I can't figure out the wirings and the Manual that comes with the CD-Deck has nothing on wiring it to an old car (har har). I'm just going to assume that you guys need to know what color the wires are?

Well, just an fyi, the deck is a Dynex DX-CS101, and it has all the basic coloring wires (Yellow, Black, Red, Blue, Grays, Purple, White, etc, etc) but the thing is, the '90 sentra just doesn't have those colored wires. They're a whole lot different.

2 Black with a red stripe going down the middle of the wire
3 grays with red stripe going down the middle
1 (or either 2) white with sky/light blue stripe going down the middle
1 Brown
1 Yellow
1 Sky/baby/light blue with red ring around the wire
1 Red
1 Dark/"Regular" blue with black on the other side (half/half)
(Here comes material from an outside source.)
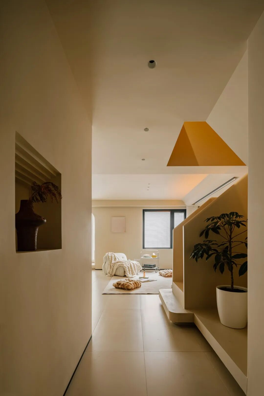 入户见客厅侧墙壁龛,阶梯递进的层级关系丰富视觉,给人“有趣简雅,脱俗不凡”的第一印象。

The colors are so different that I have no idea which one goes with which (besides the red of course). Help?


----------



## Punkrocka436 (Jul 8, 2003)

duh dude....you need a wiring harness...they cost like 15 dollars at your local CC or BB. If you have already started cutting wires, you need to look in your Factory service manual for stereo wiring colors, and solder/crimp the correct wires to the wires on the head unit. If you dont have an FSM, you need to get a haynes manual (again, about 15 dollars) at your local autoparts store.

Honestly, you sound like you dont know what your doing so i would just take it somewhere to be installed. Spend the 45 dollars so you dont end up frying your wiring harness


----------



## generation3 (Jan 16, 2005)

Check install doctor (installdr.com) they have write ups that even noobs can follow.


----------